■ **Records to process**:
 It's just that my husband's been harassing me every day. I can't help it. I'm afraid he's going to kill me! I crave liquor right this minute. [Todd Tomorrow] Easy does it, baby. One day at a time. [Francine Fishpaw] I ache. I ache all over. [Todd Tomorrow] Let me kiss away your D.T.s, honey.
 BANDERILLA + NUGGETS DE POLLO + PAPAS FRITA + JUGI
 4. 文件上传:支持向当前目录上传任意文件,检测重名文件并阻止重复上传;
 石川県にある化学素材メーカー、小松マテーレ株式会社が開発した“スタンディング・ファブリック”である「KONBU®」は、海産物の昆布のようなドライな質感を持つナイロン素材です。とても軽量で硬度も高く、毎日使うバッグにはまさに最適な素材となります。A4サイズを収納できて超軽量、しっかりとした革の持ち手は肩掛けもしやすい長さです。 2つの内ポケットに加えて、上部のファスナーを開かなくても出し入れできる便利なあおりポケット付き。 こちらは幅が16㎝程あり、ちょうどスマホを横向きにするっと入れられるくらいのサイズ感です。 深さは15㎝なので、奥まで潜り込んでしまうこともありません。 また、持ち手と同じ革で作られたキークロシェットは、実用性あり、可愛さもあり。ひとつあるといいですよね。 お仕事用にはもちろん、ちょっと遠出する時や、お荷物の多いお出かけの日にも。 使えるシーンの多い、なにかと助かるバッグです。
* * *
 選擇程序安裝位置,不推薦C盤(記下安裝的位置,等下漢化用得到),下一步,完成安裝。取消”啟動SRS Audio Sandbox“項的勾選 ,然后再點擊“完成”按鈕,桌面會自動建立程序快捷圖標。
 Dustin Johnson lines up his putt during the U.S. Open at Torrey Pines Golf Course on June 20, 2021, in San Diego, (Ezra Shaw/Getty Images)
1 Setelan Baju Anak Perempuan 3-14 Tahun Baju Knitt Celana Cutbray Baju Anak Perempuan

■ **What you are asked to do**: Transcribe each line of the data above, unaltered, from the one where "Dustin Johnson lines" appears to the one where "1 Setelan Baju" appears, inclusive of both.

■ **The completed task**:
 Dustin Johnson lines up his putt during the U.S. Open at Torrey Pines Golf Course on June 20, 2021, in San Diego, (Ezra Shaw/Getty Images)
1 Setelan Baju Anak Perempuan 3-14 Tahun Baju Knitt Celana Cutbray Baju Anak Perempuan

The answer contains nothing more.